----- Given records -----
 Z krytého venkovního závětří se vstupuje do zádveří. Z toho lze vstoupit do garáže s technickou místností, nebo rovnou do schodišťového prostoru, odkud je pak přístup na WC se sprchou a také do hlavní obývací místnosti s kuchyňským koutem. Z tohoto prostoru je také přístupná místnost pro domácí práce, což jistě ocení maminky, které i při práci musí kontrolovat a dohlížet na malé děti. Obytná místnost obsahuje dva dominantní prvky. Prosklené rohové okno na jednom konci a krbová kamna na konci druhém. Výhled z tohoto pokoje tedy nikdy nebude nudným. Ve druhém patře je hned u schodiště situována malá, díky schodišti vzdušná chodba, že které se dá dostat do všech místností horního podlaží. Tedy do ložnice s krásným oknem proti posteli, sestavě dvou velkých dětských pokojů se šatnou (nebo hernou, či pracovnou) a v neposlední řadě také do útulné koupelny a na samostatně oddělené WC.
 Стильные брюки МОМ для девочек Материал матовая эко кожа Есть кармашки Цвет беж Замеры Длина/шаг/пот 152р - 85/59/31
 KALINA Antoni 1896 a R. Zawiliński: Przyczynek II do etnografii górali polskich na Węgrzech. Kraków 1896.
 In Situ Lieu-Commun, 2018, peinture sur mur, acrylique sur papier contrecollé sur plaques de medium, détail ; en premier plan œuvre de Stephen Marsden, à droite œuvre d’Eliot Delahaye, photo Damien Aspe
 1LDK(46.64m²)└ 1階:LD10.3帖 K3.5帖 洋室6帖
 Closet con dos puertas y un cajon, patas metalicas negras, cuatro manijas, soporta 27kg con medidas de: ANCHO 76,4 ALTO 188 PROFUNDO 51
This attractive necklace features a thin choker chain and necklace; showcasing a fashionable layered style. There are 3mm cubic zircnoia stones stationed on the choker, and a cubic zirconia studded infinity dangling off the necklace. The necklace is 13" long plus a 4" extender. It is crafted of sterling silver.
-----
----- Given records -----
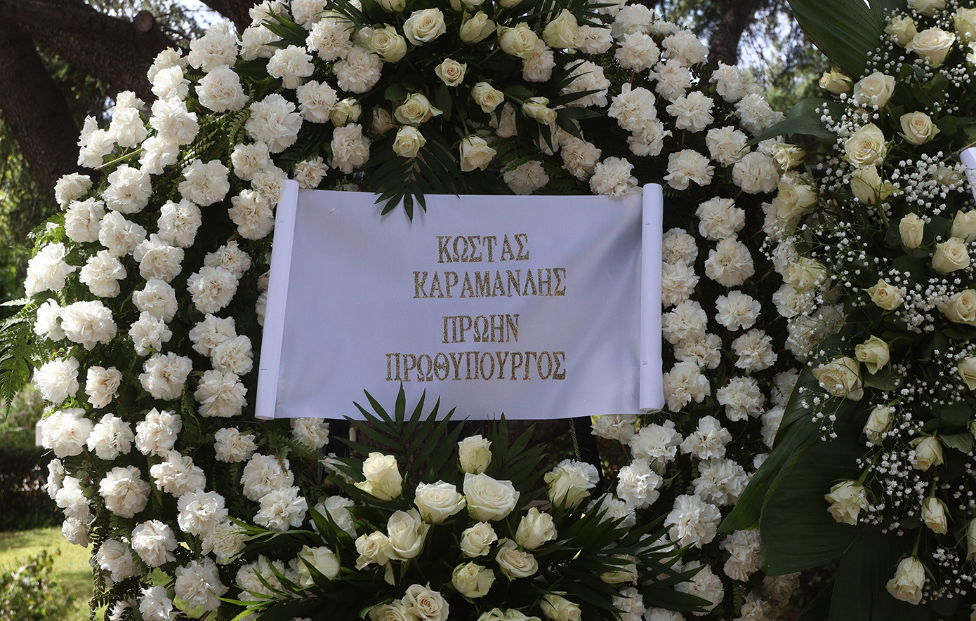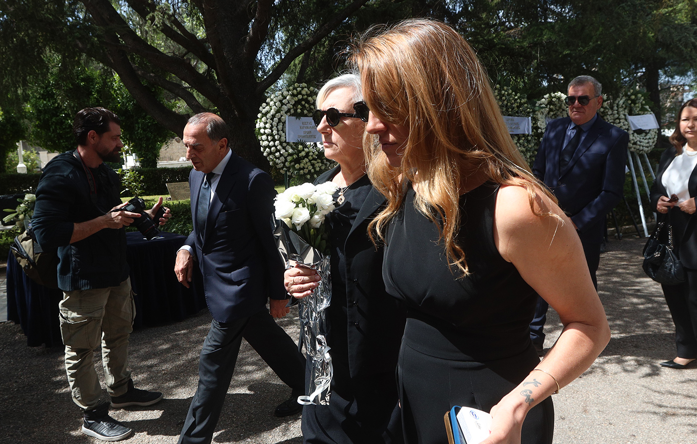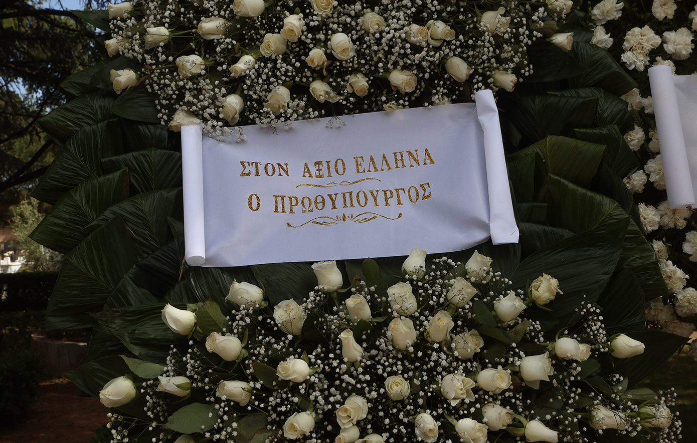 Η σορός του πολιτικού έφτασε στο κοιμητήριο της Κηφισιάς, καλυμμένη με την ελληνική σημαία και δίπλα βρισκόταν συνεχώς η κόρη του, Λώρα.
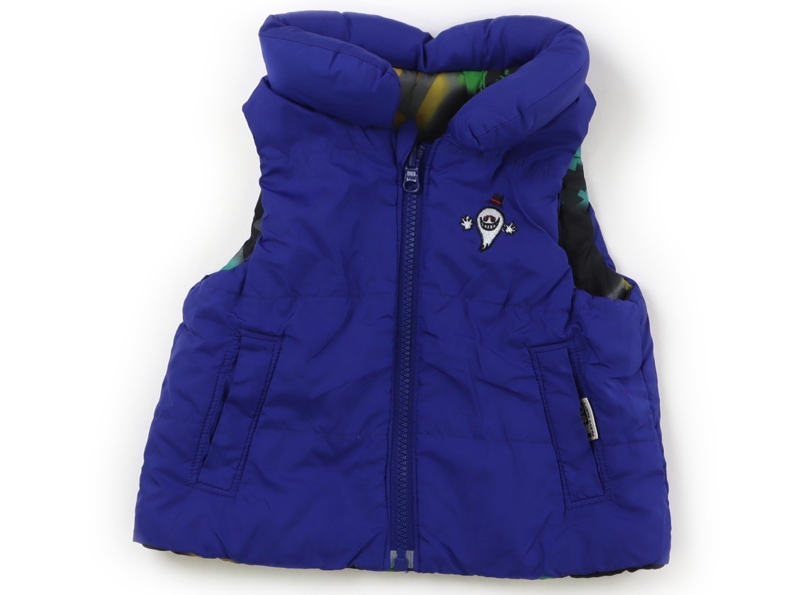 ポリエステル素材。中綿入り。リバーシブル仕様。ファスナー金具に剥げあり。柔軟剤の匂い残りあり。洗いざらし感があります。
-----
----- Given records -----
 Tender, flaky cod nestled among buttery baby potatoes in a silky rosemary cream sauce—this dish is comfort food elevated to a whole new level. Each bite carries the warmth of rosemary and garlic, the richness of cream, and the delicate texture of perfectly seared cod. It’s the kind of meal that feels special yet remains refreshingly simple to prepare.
-----
* **Task requirements**
Find the line with "Closet con dos" in the entries above. Retype it and each line after it, exactly, through the line with "This attractive necklace", and stop there.

* **Your response**
 Closet con dos puertas y un cajon, patas metalicas negras, cuatro manijas, soporta 27kg con medidas de: ANCHO 76,4 ALTO 188 PROFUNDO 51
This attractive necklace features a thin choker chain and necklace; showcasing a fashionable layered style. There are 3mm cubic zircnoia stones stationed on the choker, and a cubic zirconia studded infinity dangling off the necklace. The necklace is 13" long plus a 4" extender. It is crafted of sterling silver.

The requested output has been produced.